SPECTRA takes in a single cell gene expression matrix and a set of pathway annotations to fit the data to.
gene_set_annotations = {
"global": {"global_ifn_II_response" : ["CIITA", "CXCL10", ...] , "global_MHCI": ["HLA-A". "HLA-B", "HLA-C"] },
"CD8_T": {"CD8_exhaustion" : ["CXCL13", "LAG3", "CD39", ...]}
...
}
Alternatively, SPECTRA can take in a set of adjacency matrices representing networks for each cell type:
gene_set_annotations = {
"global": adjacency_matrix1,
"CD8_T": adjacency_matrix2,
...
}
A pypi package will be available soon. For installation, you can add spectra to pip:
git clone https://github.com/dpeerlab/spectra
cd spectra
pip install .
We provide a full tutorial how to run the basic Spectra model here:
https://github.com/dpeerlab/spectra/blob/main/notebooks/Spectra_Colaboratory_tutorial.ipynb
You can run this tutorial on the Google Colaboratory.
You can use log1p transformed median library size normalized data. Most benchmarks have been performed using scran normalization (https://doi.org/10.1186/s13059-016-0947-7). You can find a tutorial how to prepare your data for scran here:
https://github.com/dpeerlab/spectra/blob/main/notebooks/scran_preprocessing.ipynb
An R script to run scran can be found in the preprocessing folder of this repository.

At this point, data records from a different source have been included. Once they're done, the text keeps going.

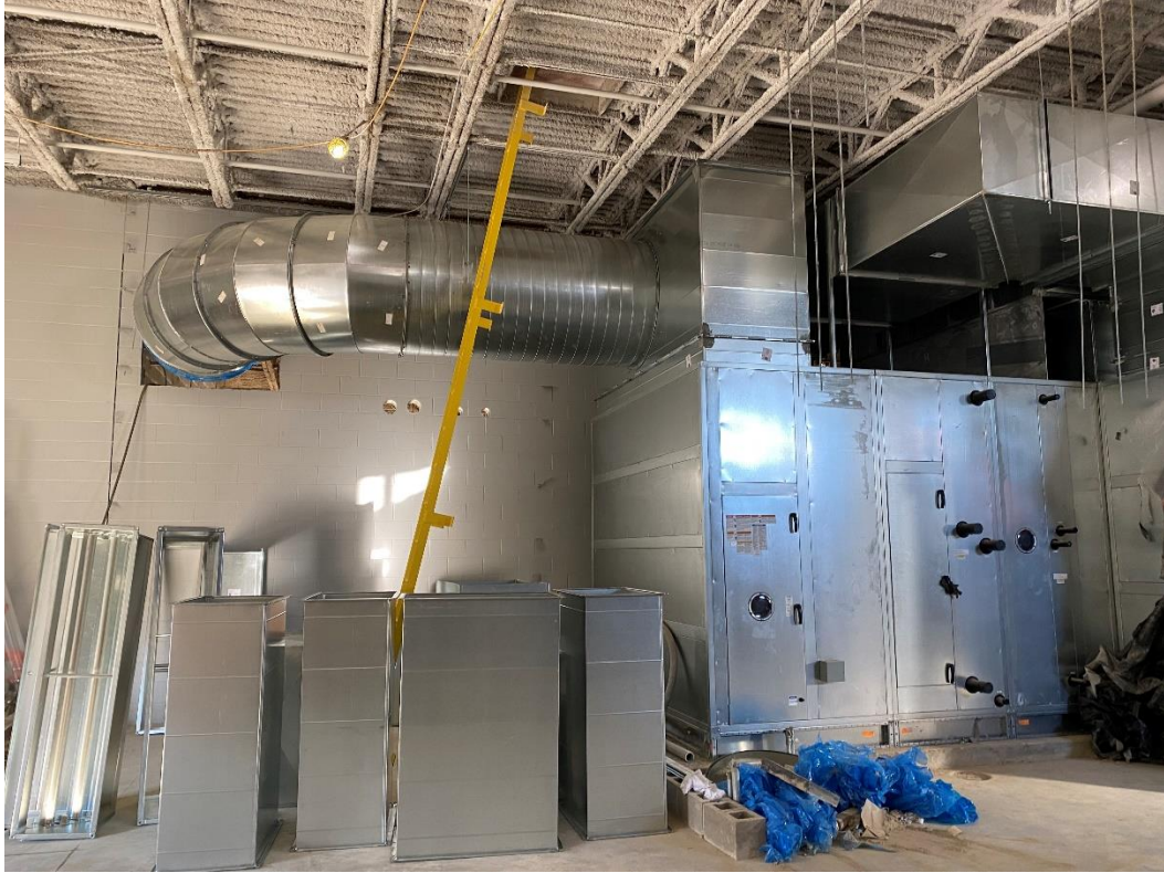
Ductwork from the air handler is extended into the Kitchen.
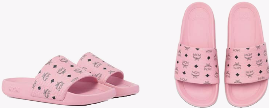
MONOGRAM PRINT RUBBER SLIDES SIZE : 37,38 THB 9,400
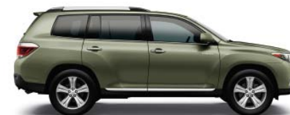
CYPRESS PEARL 10 Black, 9 Ash or Sand Beige interior
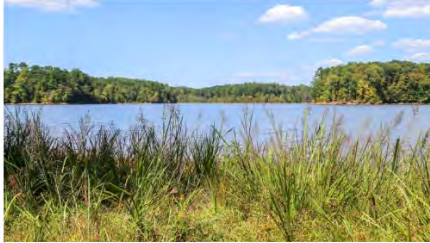
Forest Ridge Park - #37 2100 Old N 98 Hwy, Wake Forest 27587 919-996-5800
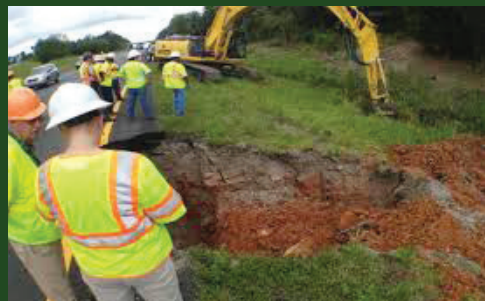
A sinkhole on Interstate 24 in Clarksville, TN, following heavy precipitation.
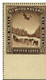
NSSC AM 7 c
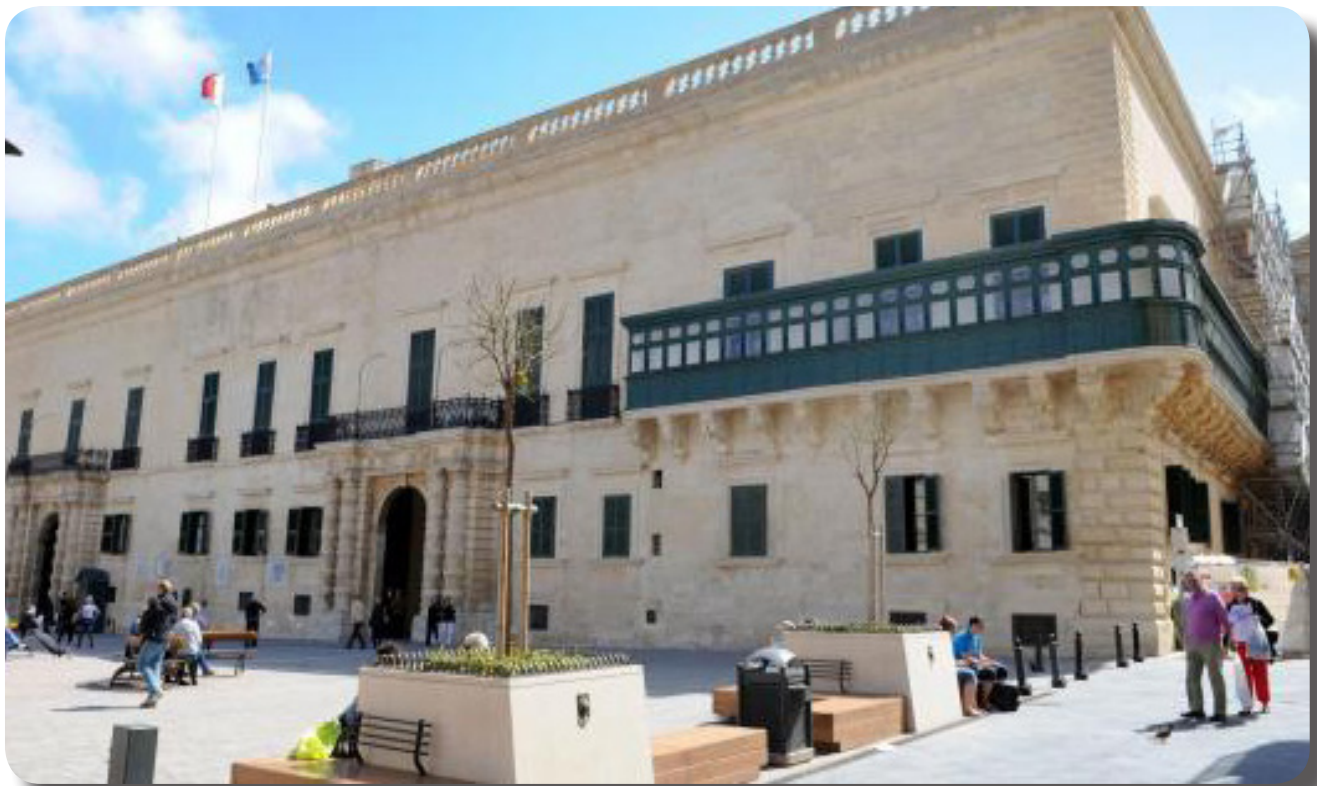
The Grand Masters' Palace which has been the seat of Parliament until May 2015.
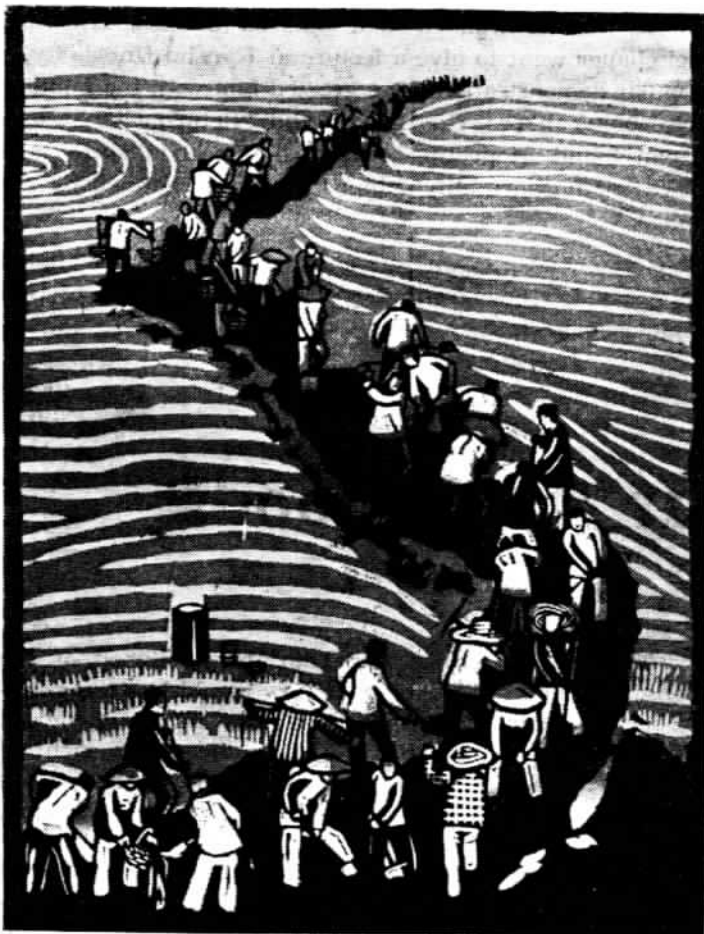
Digging an Irrigation Channel Woodcut in colour by Yo Lung

One of the biggest joint efforts of the brigades was on the four basin areas which account for the greater part of the commune's farmland. Here timely planting of the winter wheat is vital to a good summer crop the following year. "Timely" here means ploughing and sowing immediately after the waters have been drained off in the autumn, otherwise the silted soil gets baked hard as slate in a few days. This posed quite a problem for those brigades which suffered from heavy waterlogging and lacked manpower and draught animals.

Data used for the examples can be found in the data folder of this package (https://github.com/dpeerlab/spectra/tree/main/data): This is a subsetted version of the Bassez et al. Nature Medicine (https://doi.org/10.1038/s41591-021-01323-8) preprocessed by scran and emptydrops with annotated cell types.

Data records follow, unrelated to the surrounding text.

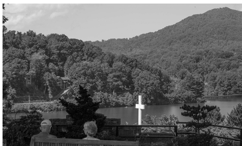
A couple enjoys the view of the Lake Junaluska Cross at Inspiration Point.

"I think the yoga is wonderful," Polk said when asked about this new activity happening at Inspiration Point. "I can't think of anything more appropriate. My concept of religion is very broad. It takes in your whole life and your whole body and everything about you."
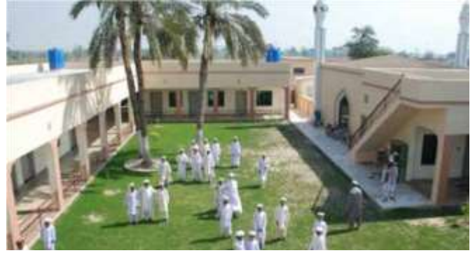
Khubaib Madrissa, Hamza Wala, Muzaffargarh
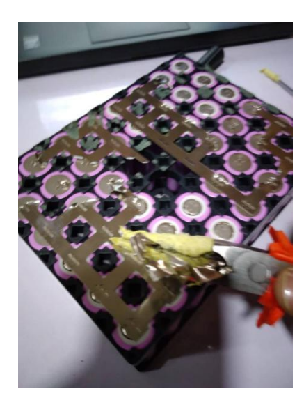
Figure 9: Stripping the connecting strip off with pliers which nose is tape-insulated
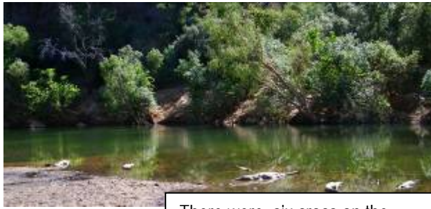
There were six crocs on the bank, all asleep and immobile...

After the story I soak up the surroundings now to quell my distaste of life and death long ago. I come upon a meeting of crocs.. sunning themselves and snoozing in the shallow water. A last glimpse along the beautiful gorge and morning tea awaited at the bus before we sped off towards Tunnel Creek, following the ancient reef as we bumped and bounced along the road. The carpark at Tunnel Creek was filled with 4WDs covered in red dust but Menashe found space for us under a shady tree and set up salads for lunch while we changed into 'tunnel clothes'.... The creek would be flowing but not as high as it had
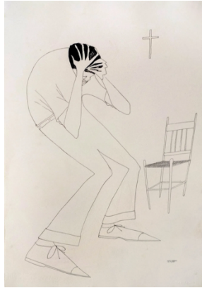
Benny Andrews (1930 – 2006) Pain of Sin , 1994 Pen and Ink on Cream Wove Paper 22 x 15 in. (55.9 x 38.1 cm)
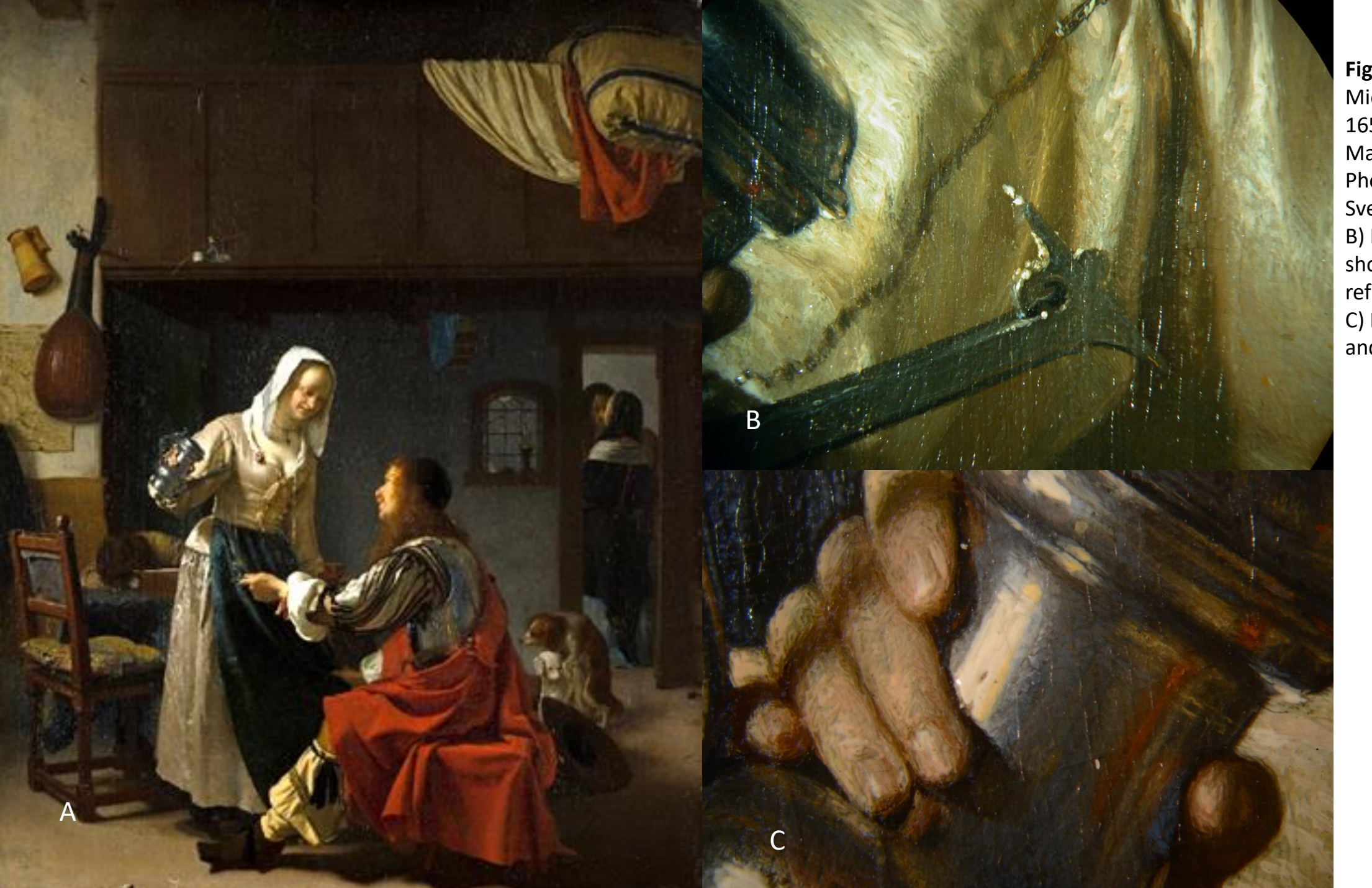
Figure 4. A) Frans van Mieris, Brothel Scene, c. 1658, 42,8 × 33,3 cm, Mauritshuis, The Hague.
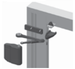
Operator Non-Handed Shown Push Side Mounting Parallel Arm
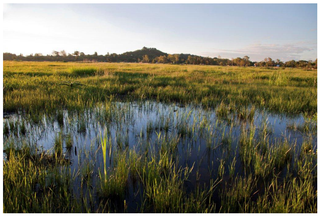
Monavale Vlei in Harare. Wetlands are natural water reservoirs, (Photo - www.monavalevlei.com)

Focusing on the issues that sorround water and wetlands, UNDP will commemorate the World Environment Day (WED) in Block II on 25 June, 2014 under the theme "Wetlands and Waters: a Combination for Life"
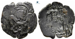
2336 Michael VIII Palaeologus AD 1261-1282. Thessalonica Trachy Æ 24 mm, 2,17 g very fine 10
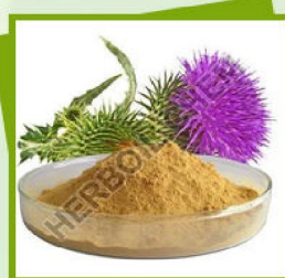
Milk Thistle Extract
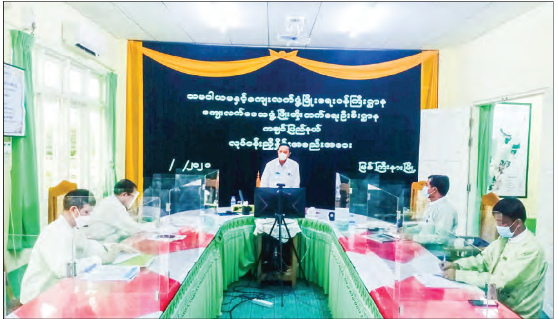
Union Minister U Hla Moe discusses development tasks and vocational training in meeting with department officials.

Then, the respective department heads reported on the regional development programmes.—MNA

We start by importing spectra. The easiest way to run spectra is to use the est_spectra
function in the spectra
module, as shown below. The default behavior is to set the number of factors equal to the number of gene sets plus one. However, this can be modified by passing an integer e.g. L = 20
as an argument to the function or a dictionary that maps cell type to an integer per cell type. We provide a method for estimating the number of factors directly from the data by bulk eigenvalue matching analysis, which is detailed further below.
from spectra import spectra as spc
model = spc.est_spectra(adata = adata, gene_set_dictionary = gene_set_dictionary, cell_type_key = "cell_type", use_highly_variable = True, lam = 0.01)

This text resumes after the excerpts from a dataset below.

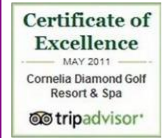
TRIP ADVISOR – CERTIFICATE of EXCELLENCE
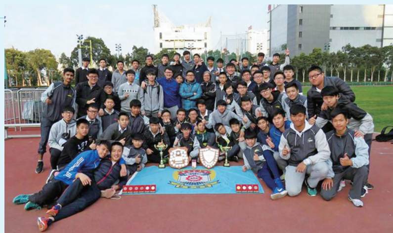
2017年奪得第二組總冠軍，次年重回港九第一組作賽 In 2017, CMASS won the championship in Division 2 and thus could return to Division 1 of Hong Kong Inter-Secondary School Competition the following year.

Although the epidemic has not yet dissipated, members of our Track and Field Team have taken the initiative to vaccinate, demonstrating sportsmanship and strong will. In order to resume training and continue to adhere to the "Hell programme". Definitely, our students are no slackers, but are actively preparing for the battle, for the purpose of winning the crown in Hong Kong Inter-Secondary School Competition, and to win the glory for the school, teammates and themselves.
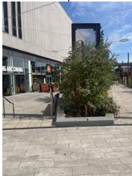
Photograph of proposed location.
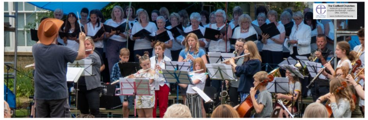
Midsummer music in Grundisburgh with over 400 people attending.

1. Who we are, what we offer, what we are looking for, opportunities and challenges
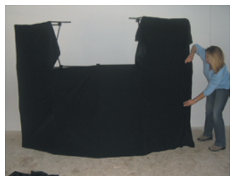
Secure the fabric covering at the corner hubs.
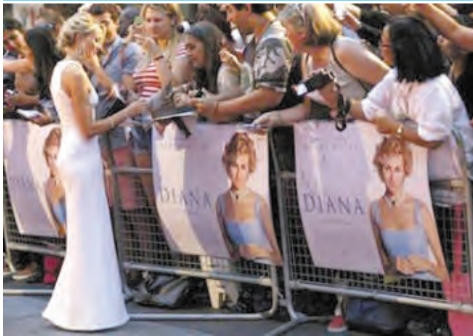
Cast member Naomi Watts of Australia, who plays the title role, signs autographs before the world premiere of "Diana" at Leicester Square in London on 5 Sept, 2013.
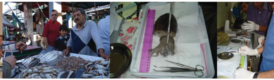
Fish vendor in Egypt
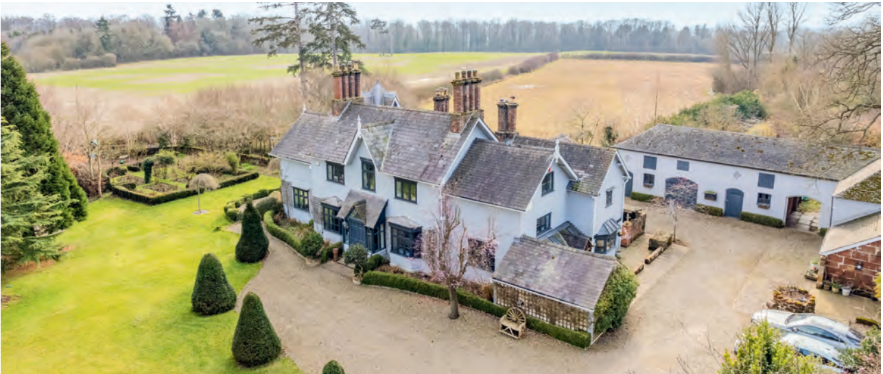
Leaton, Shrewsbury Shropshire, SY4

This function stores four important quantities in the AnnData, in addition to returning a fitted model object. Factors are the scores that tell you how much each gene contributes to each factor, while markers is an array of genes with top scores for every factor. Cell scores are similarly the score of each factor for every cell. Finally, vocab is a boolean array that is True
for genes that were used while fitting the model - note that this quantity is only added to the AnnData when highly_variable
is set to True
factors = adata.uns['SPECTRA_factors'] # factors x genes matrix that tells you how important each gene is to the resulting factors
markers = adata.uns['SPECTRA_markers'] # factors x K [where K is a user specified number] list of K top markers per factor
cell_scores = adata.obsm['SPECTRA_cell_scores'] # cells x factors matrix of cell scores
vocab = adata.var['spectra_vocab'] # boolean matrix of size # of genes that indicates the set of genes used to fit spectra
To access finer grained information about the model fit, we can look at the attributes of the model object directly. Model parameters can be accessed with functions associated with the model object
model.return_eta_diag()
model.return_cell_scores()
model.return_factors()
model.return_eta()
model.return_rho()
model.return_kappa()
model.return_gene_scalings()
Apart from cell scores and factors, we can also retrive a number of other parameters this way that are not by default added to the AnnData. Eta diag is the diagonal of the fitted factor-factor interaction matrix; however, its interpretation is that it measures the extent to which each factor is influenced by the prior information. In practice many of these values are zero, indicating that they are estimated without bias introduced by the annotation set. Eta is the full set of factor-factor interaction matrices, whose off diagonals measure the extent to which factors share the same genes. Rho and kappa are parameters that control the background rate of non-edges and edges respectively. These can be fixed throughout training (default) or estimated from the data by providing rho = None
or kappa = None
to the est_spectra()
function or to model.train()
. Finally gene scalings are correction factors that normalize each gene based on its mean expression value.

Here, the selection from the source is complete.